If you are familiar with database links on Oracle database, you may have already encountered the error “ORA-12154: TNS:could not resolve the connect identifier specified“. That is a common error which can be caused by a lot of factors. Today, I’m going to focus on the importance of environment variables to avoid this type of error message (particularly the “TNS_ADMIN” environment variable).
For the rest of this post, I will work on a schema called “ARO” on “DBL121” database (Oracle 220.127.116.11). The server called “mylab01” runs on Linux.
My database link “MY_DB_LINK” has been created as follows:
mylab01> . oraenv ORACLE_SID = [DBL121] ? DBL121 [...] mylab01> sqlplus aro [...] SQL> CREATE DATABASE LINK my_db_link USING 'DBL122'; Database link created.

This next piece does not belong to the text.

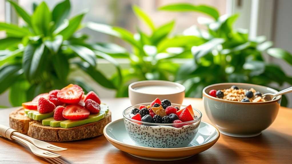 Adding plant-based options to breakfast catering not only appeals to a wider range of dietary preferences but also considerably reduces environmental impact. Incorporating plant-based proteins like tofu, tempeh, and legumes provides nutritious, sustainable alternatives to traditional animal products. Meat alternatives such as veggie sausages, patties, and scrambled tofu mimic familiar textures and flavors, making them easy for guests to enjoy. By offering these options, you support reduced greenhouse gas emissions, conserve water, and lower land use associated with meat production. You can easily integrate these choices into menus, appealing to vegetarians, vegans, and flexitarians alike. Emphasizing plant-based options demonstrates your commitment to sustainability while satisfying diverse tastes, making your breakfast catering more environmentally responsible and inclusive.
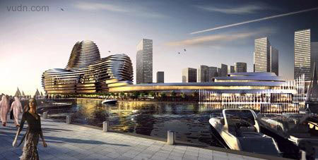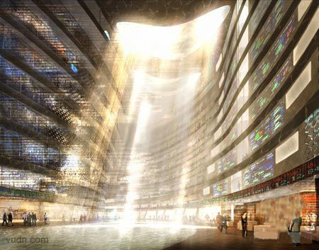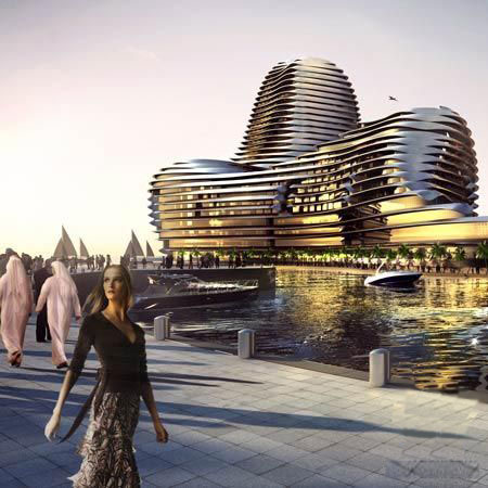 阿布達(dá)比世界貿(mào)易中心,位于阿布扎比東Al Raha Beach.沿海氣候和地形的選址及建設(shè)經(jīng)歷一個(gè)復(fù)雜環(huán)境計(jì)算機(jī)分析的過程。它提供了遮蔭,空氣自然流動的,緩沖對抗強(qiáng)的沙漠風(fēng),它是不對稱雕塑,具有環(huán)保和功能上的連貫性。建設(shè)延伸到中心的濱海創(chuàng)造一個(gè)半島完成了生動的濱水長廊。該項(xiàng)目匯集了精心挑選組合:辦公室,公寓,酒店和商店,以鼓勵(lì)不同格局的經(jīng)濟(jì)和社會活動。

The database link points to “DBL122” database on server “mylab02” (same Oracle & OS version). The “DBL122” database also holds a schema “ARO” with the same password, that’s why I did not mentioned “CONNECT TO **** IDENTIFIED BY ****” during the database link creation.
Because I only specify “USING ‘TARGET_DB'” as connect string, it will use “local naming” method in order to resolve the net service name “DBL122” (that is, it will use the information store in a tnsnames.ora file).
My tnsnames.ora file located in “$ORACLE_HOME/network/admin” on “mylab01” contains the following information:
DBL122 = (DESCRIPTION = (ADDRESS_LIST = (ADDRESS = (PROTOCOL = TCP)(HOST = mylab02 )(PORT = 1521)) ) (CONNECT_DATA = (SERVICE_NAME = DBL122) ) )
My Oracle environment variables on “mylab01” are:
ORACLE_SID=DBL121 ORACLE_BASE=/app/mylab01/oracle ORACLE_HOME=/app/mylab01/oracle/product/12.1.0 TNS_ADMIN=/app/mylab01/oracle/product/12.1.0/network/admin
I will only work on “mylab01” for the rest of this post!
Before testing the new database link, we can make some basic tests.
- Server “mylab02” is reachable from “mylab01” on port 1521
- Database “DBL122” is up and running on “mylab02”. The listener is ready to accept new connections.
- I can connect to the remote database “DBL122” using the net service name “DBL122” with “ARO” user:
mylab01> sqlplus aro@DBL122 [...] SQL> select sys_context('userenv','db_name') from dual; SYS_CONTEXT('USERENV','DB_NAME') -------------------------------------------------------------------------------- DBL122
At this point, everything seems to be fine!
Database link tests
From there, things will start to get complicated…
For my first test, I will use a local connection (Bequeath NT Protocol), that is, I will not use Oracle Net to connect to my database.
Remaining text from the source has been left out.